We use the following kernel and return the absolute value of the result at each point:

 3   0   -3
10   0  -10
 3   0   -3

References

[R193]D. Kroon, 2009, Short Paper University Twente, Numerical Optimization of Kernel Based Image Derivatives.

vsobel

skimage.filter.vsobel(image, mask=None)

Find the vertical edges of an image using the Sobel transform.

Parameters:

image : 2-D array

Image to process

mask : 2-D array, optional

An optional mask to limit the application to a certain area Note that pixels surrounding masked regions are also masked to prevent masked regions from affecting the result.

Returns:

output : 2-D array

The Sobel edge map.

Notes

We use the following kernel and return the absolute value of the result at each point:

1   0  -1
2   0  -2
1   0  -1

wiener

skimage.filter.wiener(data, impulse_response=None, filter_params={}, K=0.25, predefined_filter=None)
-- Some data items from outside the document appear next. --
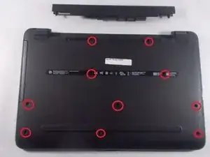 Используя отвертку Phillips, удалите 10 винтов на нижней крышке.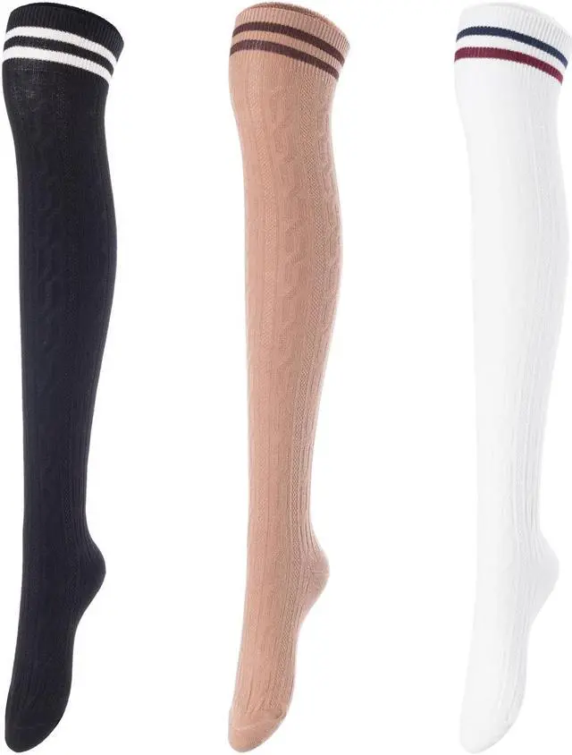 Lovely Annie Big Girl's Women's 3 Pairs Incredible Durable Super Soft Unique Over Knee High Thigh High Cotton Socks Size 6-9 A1023(Black,Kakhi,White)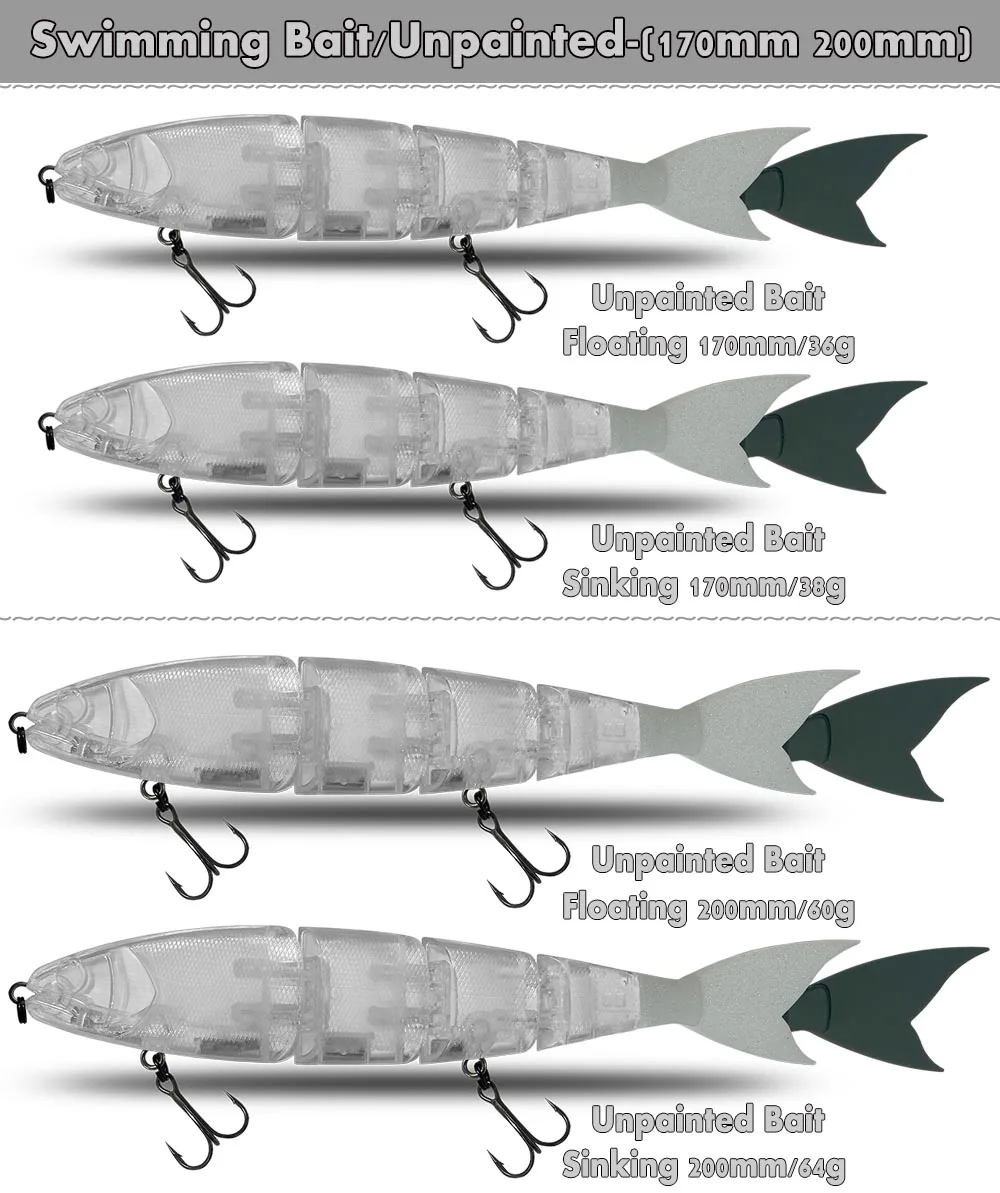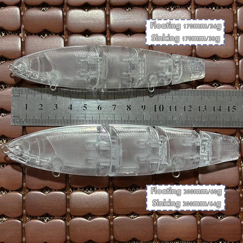Swimbait sin pintar, cebo articulado DIY, señuelo de pesca flotante/hundimiento de 170/200mm con cola suave, cebo duro Artificial de plástico ABS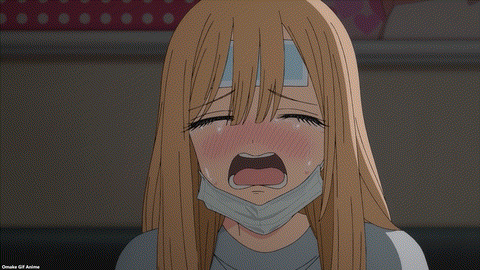 No surprises. Marin got sick! Funny. The cool kids call their teacher “Hana-chan” instead of “Hana-sensei.” This news worries Gojou because she never replied to his text. Whoa. Marin has a bad cold. She can’t even put on her red contact lenses. Aw. Gojou worried so much that he skipped school. He also claimed to be sick. Oh no. Gojou must touch Marin’s regular clothes to change her sweaty ones. Can he do it? Okay, maybe not that T-shirt.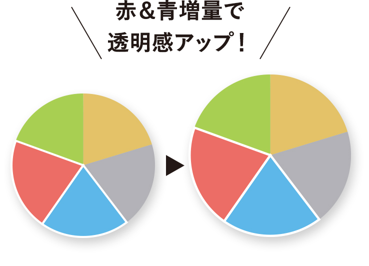 さらに機能性パウダーを強化*1し、パールの配合率を変更することで、パウダーだけでも白浮きせず、キレイな仕上がりが続きます*2。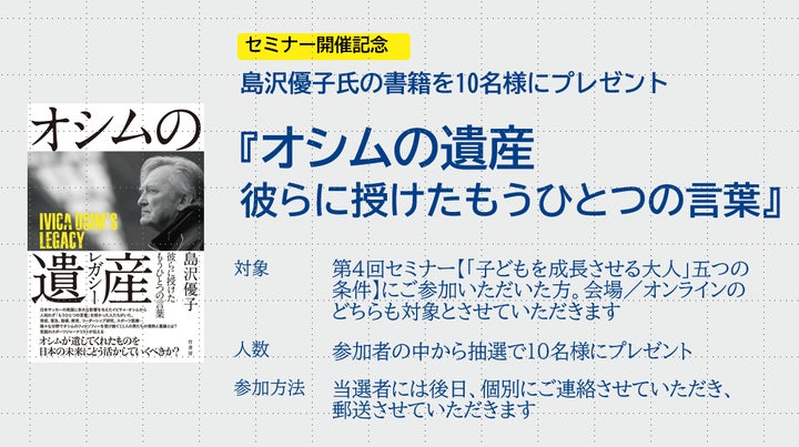 テーマは「子どもを成長させる大人」の条件についてで、会場参加とオンライン参加が可能です。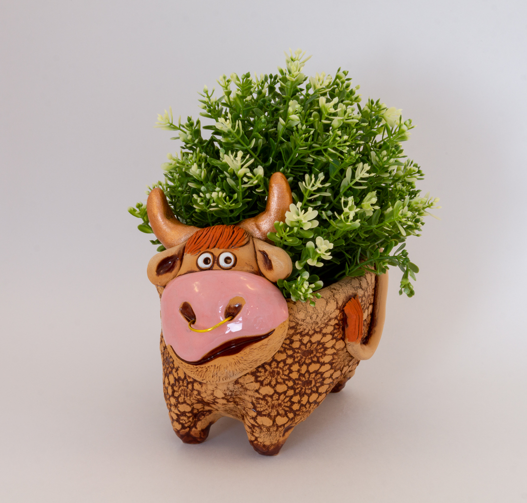 Керамическое кашпо – оригинальное и практичное решение в создании неповторимого интерьера, уюта и атмосферы дома или офиса, они помогут Вам подчеркнуть натуральность, уникальность и своеобразие. Изделие выполнено в достаточно оригинальной форме – в форме быка. Кашпо без поддона и не имеет дренажного отверстия. Не рекомендуется пересаживать растение в кашпо без дренажного отверстия – лучше вставить в него пластиковый горшочек, чтобы было удобно поливать (это защитит от перелива растений и загнивания корней). Объём – 1 литр. Размеры – 10*17*13 см.

Minimum Mean Square Error (Wiener) inverse filter.

Parameters:

data : (M,N) ndarray

Input data.

K : float or (M,N) ndarray

Ratio between power spectrum of noise and undegraded image.

impulse_response : callable f(r, c, **filter_params)

Impulse response of the filter. See LPIFilter2D.__init__.

filter_params : dict

Additional keyword parameters to the impulse_response function.

Other Parameters:
 

predefined_filter : LPIFilter2D

If you need to apply the same filter multiple times over different images, construct the LPIFilter2D and specify it here.